The business of the heart

Photo by Jamie Davies on Unsplash

A coronavirus Christmas is around the corner and by now, you must have heard a lot of talk about supporting small businesses during this pandemic. The need for them. But what about the want for it? Why should you start to make a switch, even post COVID?

First, allow me to introduce a pressing matter of the highest professional importance with exponential statistical figures… my hair.

Growing up, my hair has definitely taken me to a lot of places. Whether it was to get my eyebrows shaped or fringe trimmed – the process of hair removal has sure been pricey. Yet, I found that there was rarely a moment of self-affirmation afterwards. Salon after salon, I was never really satisfied.

Now I didn’t know what I was truly missing, until one fateful day where my scarily hairy expedition brought me to a charming little corner street in South London. There proudly stood ‘KR Hair Studio’- a salon enchantingly hidden away from the main high street, with its huge windows inviting you to look into the joy and warmth found inside. It was unlike any other salon I had ever been to, not because of its size or interior design, but quite simply because of the people.

For the first time, my hair was carefully cut with time and precision by Tina the hairdresser, who gave me the one piece of advice that was never handed down to me by bigger salon chains… to have my hair cut straight instead of in layers.

Now I know that sounds random, but in typically fast paced high chain environments where the ultimate goal is to make way for more customers in order to get a quick profit – expert advice, catered to an individual’s needs, is rarely dished out.

My poorly ‘bored-during-lockdown’ bleached hair was trimmed shorter, all whilst I indulged in enjoyable conversation with everyone around me. And it’s no surprise that I left with much less hair, but with much more confidence.

That salon was the needle in the proverbial big-business haystack that I had been searching for all these years. Feeling revitalised, I was spurred to further my research into the benefits of small businesses in our society, especially within the context of COVID 19.

But why would you want to switch when mainstream businesses are generally more familiar and reliable? Well, if we think about it as a gain – why pay for just the product when you can also have an experience? Yes, not all experiences in businesses are guaranteed to be amazing, but the feeling of making a difference within smaller ones is prominent.

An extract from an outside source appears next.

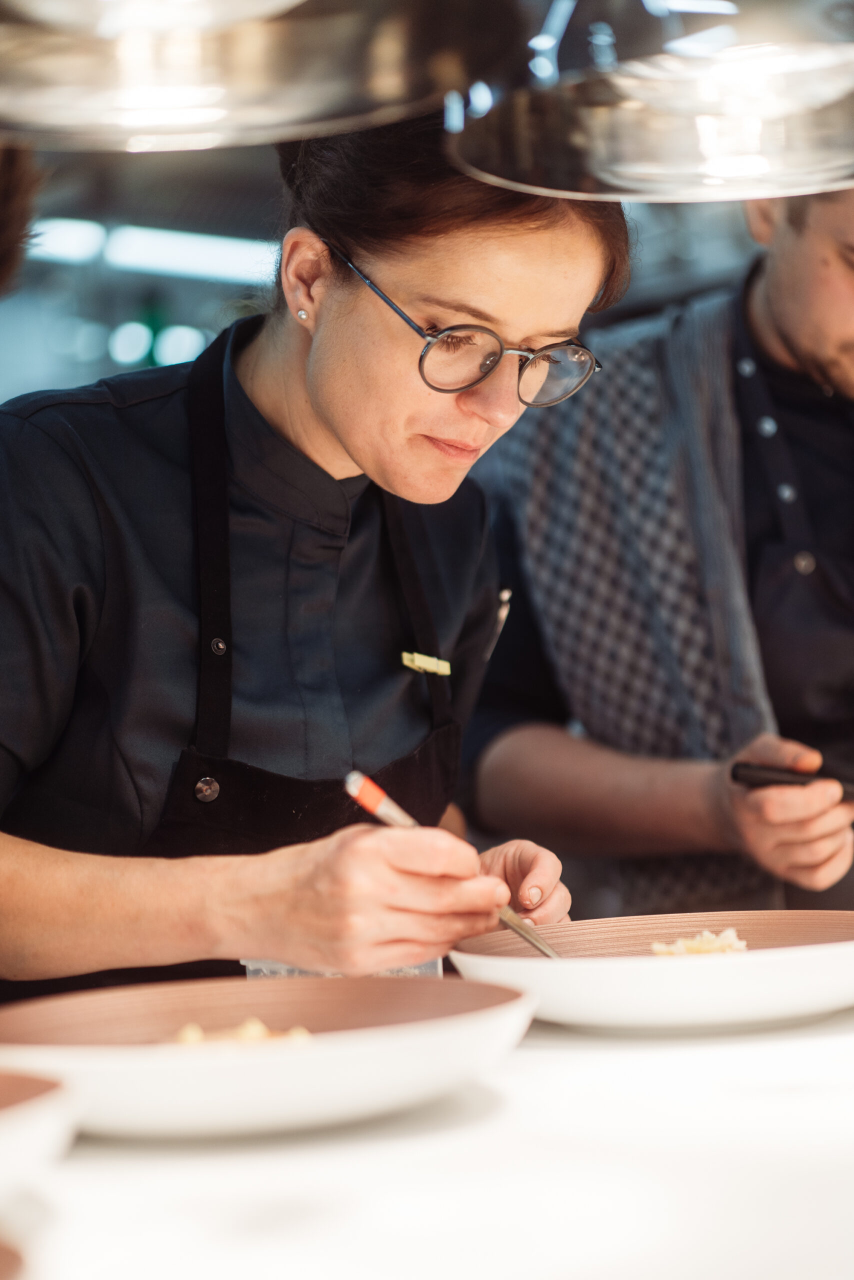 „Unsere Küche ist klar, produktfokussiert und verbindet regionale Verwurzelung mit weltoffener Aromatik“, so Cornelia Fischer. „Wir möchten zeigen, wie vielseitig einzelne Zutaten sein können – ob Gemüse, Kräuter oder Getreide. In unterschiedlichen Texturen und Garmethoden entstehen daraus leichte, präzise Kompositionen.“ Reduktion statt Inszenierung, feine Säure, prägnante Würze und ein ausgeprägtes Sensorik-Bewusstsein prägen ihre Handschrift.

For instance, the soulless atmosphere of certain chain highstreet pubs can be fiercely rivalled by those of smaller independent establishments, which have graced our towns for centuries, but are under the most threat from the aftereffects of the pandemic. Mass consumption from chains for the sake of reliability can become a repetitive and mundane habit, whereas smaller businesses constantly adapt for our approval.

Moreover, changing trends are always showcased through big brands. But what remains timeless is a sense that stretches far beyond the need to get the latest phone model or cup of consumerist coffee. A sense of self-satisfaction achieved through spending money at a place where it truly makes a difference to people and to you.

So sometimes it’s worth trying out a family owned restaurant where the recipes have vivid stories to tell or immersing yourself into the aesthetic of a small coffee shop before judging it from first look basis. Allowing yourself to step out of your comfort zone into the exciting unknown is an adventure in itself.

Besides, the pros of supporting small businesses definitely outweigh the cons. It’s a given fact that small businesses discourage monopolising and invest less in assets such as plexi-glass screens or security guards – simply because it is beyond their budget. So what investments are prioritised?

Self-employment, personalised products and unique décor. We see specialised ingredients in the food industry and homemade packaging in retail which are more often environmentally conscious. 

However, it is evident that these smaller businesses are being hit hard in this pandemic. Delivery services are difficult to acquire during lockdown, as they don’t have an influx of money to adapt to sudden changes. So, the benefits of supporting small businesses truly go both ways. 

Now, I’m not enforcing a complete switch straight away. I would be a complete hypocrite if I didn’t admit to relying on big branded supermarkets for 100% of my groceries. But if there’s one thing we’ve learnt this year, it’s that companionship is vital. A sense of community, where the warmth and comfort we crave and rely on in such scary times, is imperative. Can we really achieve this in a seemingly bleak exchange of commercial goods?

All in all, business is entrenched in stats and figures, but as lockdown draws to a close, we must remember that we have survived this pandemic by pulling together first and foremost as people. Real people like Tina the hairdresser, who informed me that her sole passion was to make clients of all ages feel glamorous when they walk out of her studio. The work of compassionate entrepreneurs like her have unmasked the plain and simple truth that genuine care is what keeps the struggling heart of businesses beating in these uncertain times.